Work order — Please return the lines below verbatim, beginning at the one that has "The product is" and stopping after the one that has "Lieu paisible, conviviale, confidentiel.", and add no other lines.

Material provided —
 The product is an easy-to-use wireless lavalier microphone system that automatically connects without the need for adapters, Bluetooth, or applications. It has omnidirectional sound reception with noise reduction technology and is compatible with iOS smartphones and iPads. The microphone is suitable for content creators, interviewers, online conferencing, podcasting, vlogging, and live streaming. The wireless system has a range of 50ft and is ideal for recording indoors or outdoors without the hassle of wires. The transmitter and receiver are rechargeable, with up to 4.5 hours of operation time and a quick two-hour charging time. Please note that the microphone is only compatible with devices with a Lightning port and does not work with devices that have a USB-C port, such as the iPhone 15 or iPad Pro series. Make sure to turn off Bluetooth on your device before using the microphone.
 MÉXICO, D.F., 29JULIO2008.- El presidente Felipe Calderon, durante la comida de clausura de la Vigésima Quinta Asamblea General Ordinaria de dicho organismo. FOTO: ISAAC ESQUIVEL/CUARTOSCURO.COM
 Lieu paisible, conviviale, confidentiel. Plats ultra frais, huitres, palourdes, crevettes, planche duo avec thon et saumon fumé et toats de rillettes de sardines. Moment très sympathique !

* * *

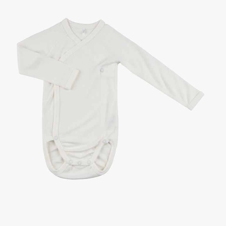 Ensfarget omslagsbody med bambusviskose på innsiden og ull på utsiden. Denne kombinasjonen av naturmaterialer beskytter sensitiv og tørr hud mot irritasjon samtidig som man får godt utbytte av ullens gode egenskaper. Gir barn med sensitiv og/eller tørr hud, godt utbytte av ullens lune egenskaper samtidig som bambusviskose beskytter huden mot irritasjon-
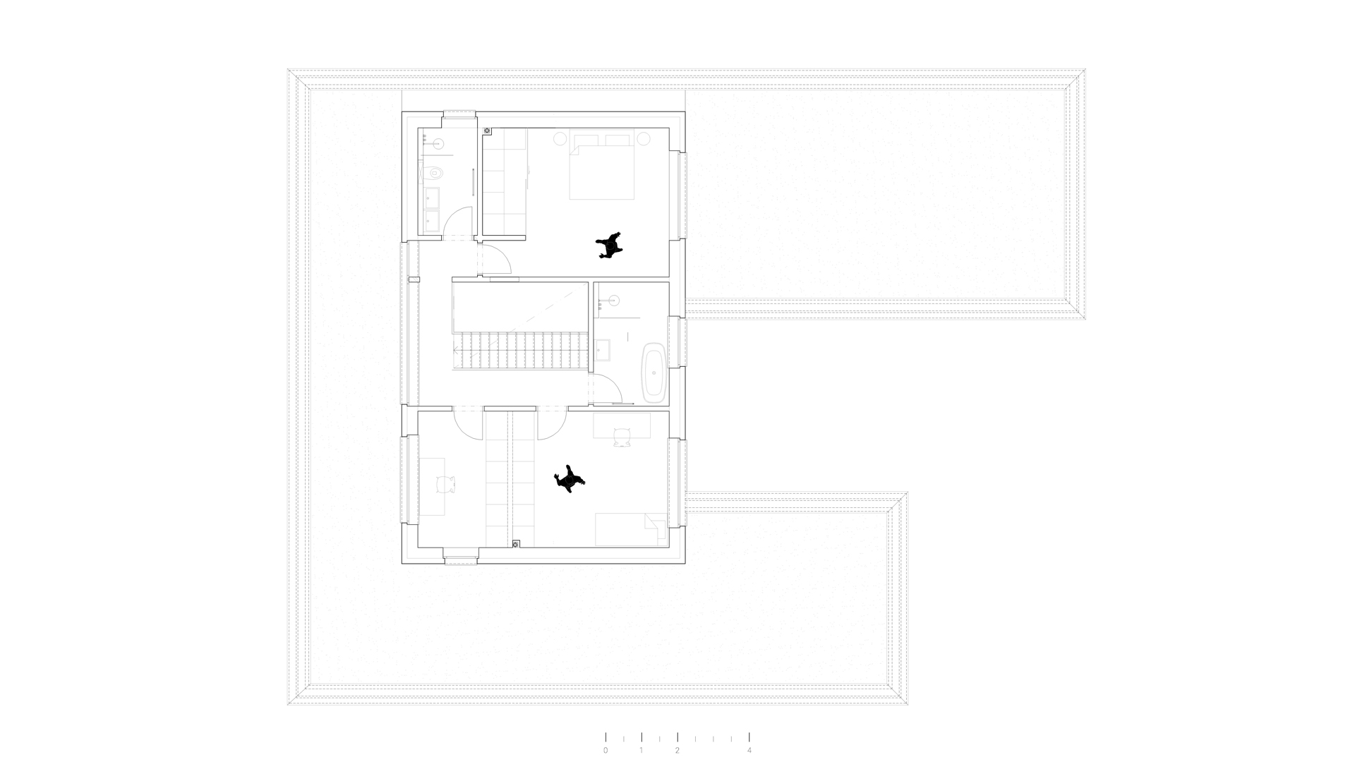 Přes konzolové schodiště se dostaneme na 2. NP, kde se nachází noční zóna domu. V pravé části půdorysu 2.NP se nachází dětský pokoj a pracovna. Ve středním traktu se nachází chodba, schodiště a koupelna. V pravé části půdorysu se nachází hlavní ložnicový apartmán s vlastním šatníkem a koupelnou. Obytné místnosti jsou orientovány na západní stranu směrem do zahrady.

Reply to the exercise —
 The product is an easy-to-use wireless lavalier microphone system that automatically connects without the need for adapters, Bluetooth, or applications. It has omnidirectional sound reception with noise reduction technology and is compatible with iOS smartphones and iPads. The microphone is suitable for content creators, interviewers, online conferencing, podcasting, vlogging, and live streaming. The wireless system has a range of 50ft and is ideal for recording indoors or outdoors without the hassle of wires. The transmitter and receiver are rechargeable, with up to 4.5 hours of operation time and a quick two-hour charging time. Please note that the microphone is only compatible with devices with a Lightning port and does not work with devices that have a USB-C port, such as the iPhone 15 or iPad Pro series. Make sure to turn off Bluetooth on your device before using the microphone.
 MÉXICO, D.F., 29JULIO2008.- El presidente Felipe Calderon, durante la comida de clausura de la Vigésima Quinta Asamblea General Ordinaria de dicho organismo. FOTO: ISAAC ESQUIVEL/CUARTOSCURO.COM
 Lieu paisible, conviviale, confidentiel. Plats ultra frais, huitres, palourdes, crevettes, planche duo avec thon et saumon fumé et toats de rillettes de sardines. Moment très sympathique !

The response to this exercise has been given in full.